→ **Exercise directions**
Nothing but the records, copied exactly and stripped of pictures, should be in the answer.

→ **Task material**
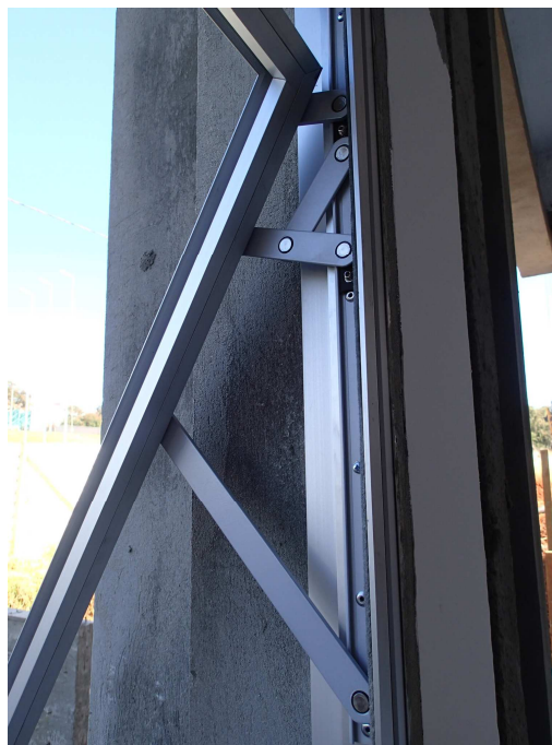
Sistema progressivo – Fermax ou similar
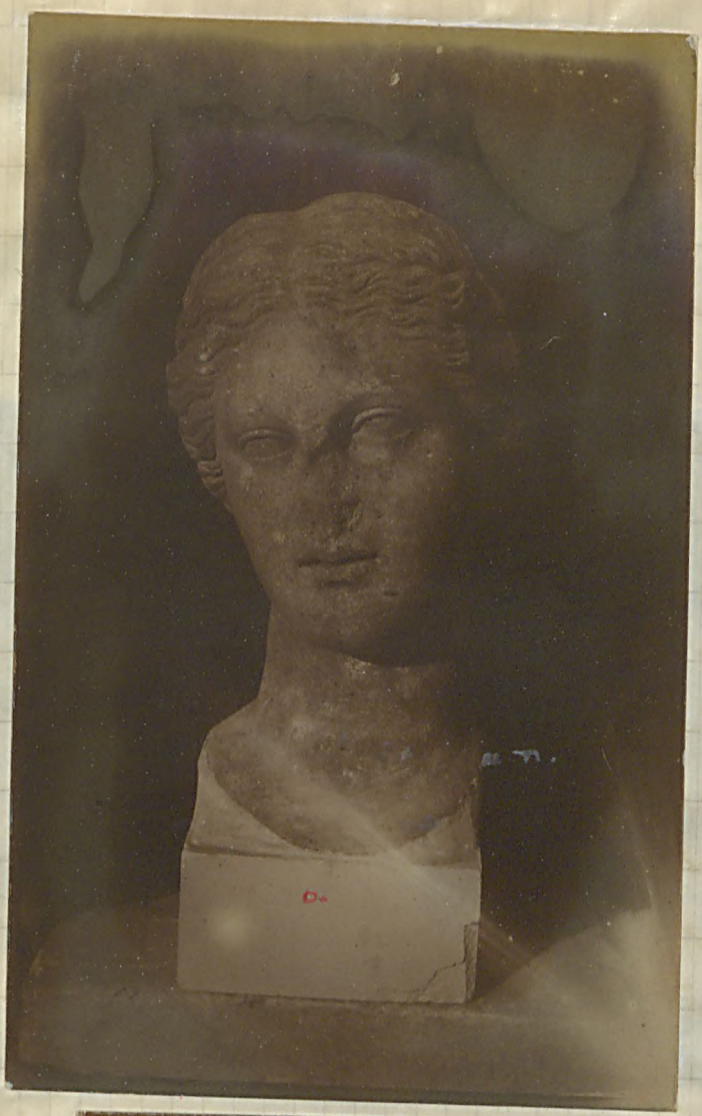
از موزه سنجیدگی
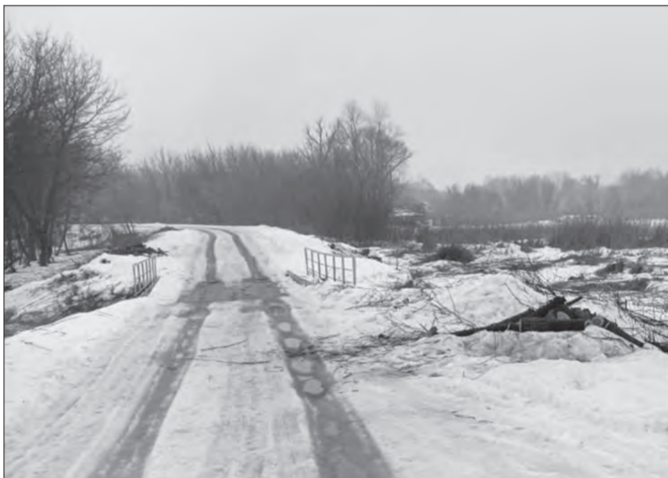
■ Фото сделано в процессе уборки территории моста
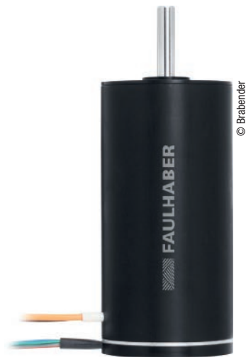
Abb. 2: Der wiederverwendbare Messtopf aus Edelstahl auch für Säuren und Laugen.
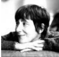
Thomas Lavachery Écrit
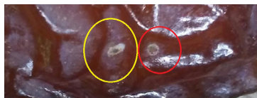
סקעילס אויף טייטלען

טייטלן פון אנדערע לענדער ווי פאקיסטאן, טוניזיע זענען היבש ווערימדיג. (פון טוניזיע זענען אויך פוהל מיט "סקעילס"), און עס איז נישט כדאי דאס צו נוצן.
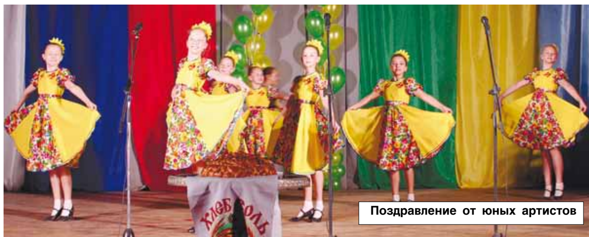
Поздравление от юных артистов
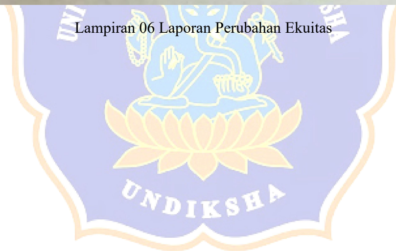
Lampiran 06 Laporan Perubahan Ekuitas
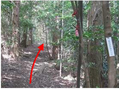
ヒノキ植林地を緩く行く。
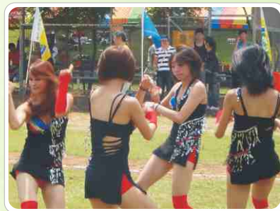
▲ 第五屆全國牙醫師慢壘賽 -新竹縣的啦啦隊
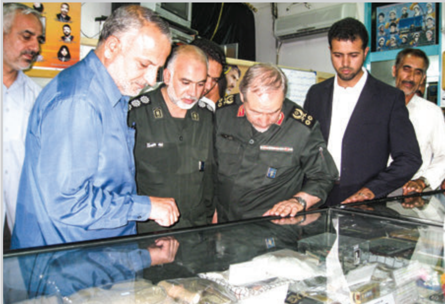
بازدید سردار سرلشکر سید رحیم صفوی دستیار ویژه فرمانده معظم کل قوا

از گنجینه انقلاب اسلامی، شهدا و دفاع مقدس شهرستان آران و بیدگل در حرم مطهر حضرت امامزاده محمد هلال ابن علی (ع) در تاریخ ۱۳۸۹/۰۴/۲۲
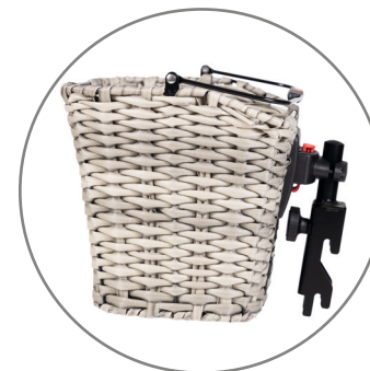
Einkaufskorb Korb mit Klick-Fix Adapter
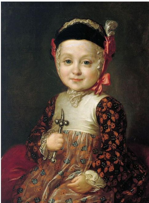
Портрет графа Бобринского в младенчестве, 1763 Федор Рокотов (1736 – 1809).

Портрет великого князя Александра Павловича неизвестного художника конца 1770-х г., ГИМ, Москва
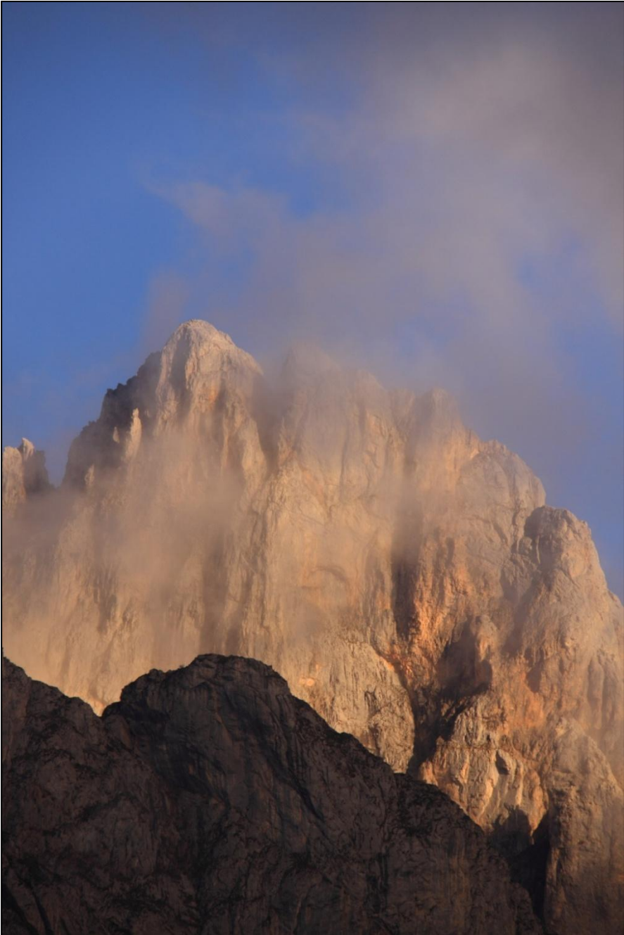
Espectaculares paisajes en el Parque Nacional de los Picos de Europa. Vertiente leonesa.

→ **Expected output**
Sistema progressivo – Fermax ou similar
از موزه سنجیدگی
■ Фото сделано в процессе уборки территории моста
Abb. 2: Der wiederverwendbare Messtopf aus Edelstahl auch für Säuren und Laugen.
Thomas Lavachery Écrit
סקעילס אויף טייטלען

טייטלן פון אנדערע לענדער ווי פאקיסטאן, טוניזיע זענען היבש ווערימדיג. (פון טוניזיע זענען אויך פוהל מיט "סקעילס"), און עס איז נישט כדאי דאס צו נוצן.
Поздравление от юных артистов
Lampiran 06 Laporan Perubahan Ekuitas
ヒノキ植林地を緩く行く。
▲ 第五屆全國牙醫師慢壘賽 -新竹縣的啦啦隊
بازدید سردار سرلشکر سید رحیم صفوی دستیار ویژه فرمانده معظم کل قوا

از گنجینه انقلاب اسلامی، شهدا و دفاع مقدس شهرستان آران و بیدگل در حرم مطهر حضرت امامزاده محمد هلال ابن علی (ع) در تاریخ ۱۳۸۹/۰۴/۲۲
Einkaufskorb Korb mit Klick-Fix Adapter
Портрет графа Бобринского в младенчестве, 1763 Федор Рокотов (1736 – 1809).

Портрет великого князя Александра Павловича неизвестного художника конца 1770-х г., ГИМ, Москва
Espectaculares paisajes en el Parque Nacional de los Picos de Europa. Vertiente leonesa.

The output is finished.